Records for processing Start Marker

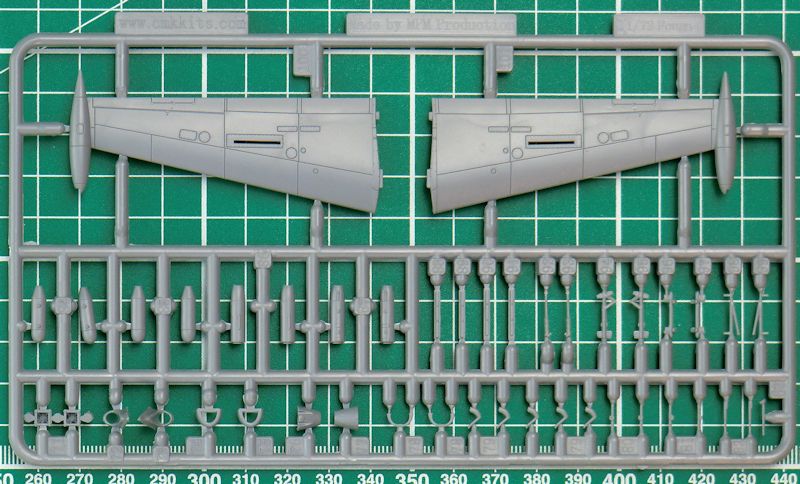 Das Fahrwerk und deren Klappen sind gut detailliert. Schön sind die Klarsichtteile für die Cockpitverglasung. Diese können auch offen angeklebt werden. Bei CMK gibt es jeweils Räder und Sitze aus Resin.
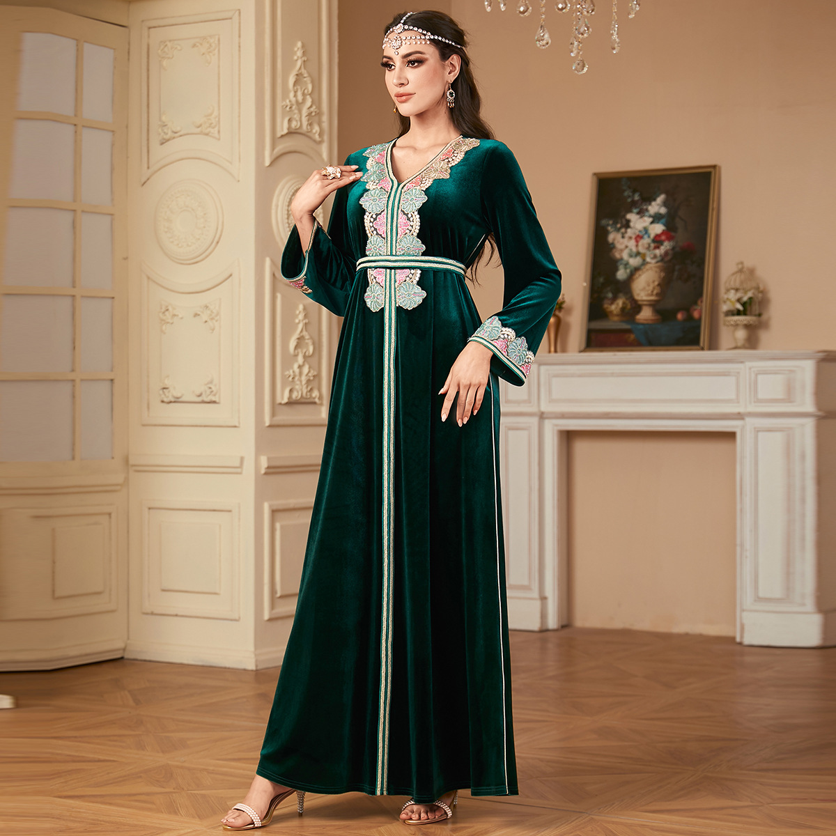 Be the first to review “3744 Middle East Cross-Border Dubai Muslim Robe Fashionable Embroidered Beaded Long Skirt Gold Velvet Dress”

Records for processing End Marker
Records for processing Start Marker

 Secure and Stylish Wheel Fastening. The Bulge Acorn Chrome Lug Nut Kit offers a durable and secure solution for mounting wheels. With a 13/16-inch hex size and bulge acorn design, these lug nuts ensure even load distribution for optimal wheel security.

Records for processing End Marker

Problem to work on:
Pictures excluded, transcribe the listing above exactly from the line with "Das Fahrwerk und" through the line with "Be the first", and no further.

Result for this exercise:
 Das Fahrwerk und deren Klappen sind gut detailliert. Schön sind die Klarsichtteile für die Cockpitverglasung. Diese können auch offen angeklebt werden. Bei CMK gibt es jeweils Räder und Sitze aus Resin.
 Be the first to review “3744 Middle East Cross-Border Dubai Muslim Robe Fashionable Embroidered Beaded Long Skirt Gold Velvet Dress”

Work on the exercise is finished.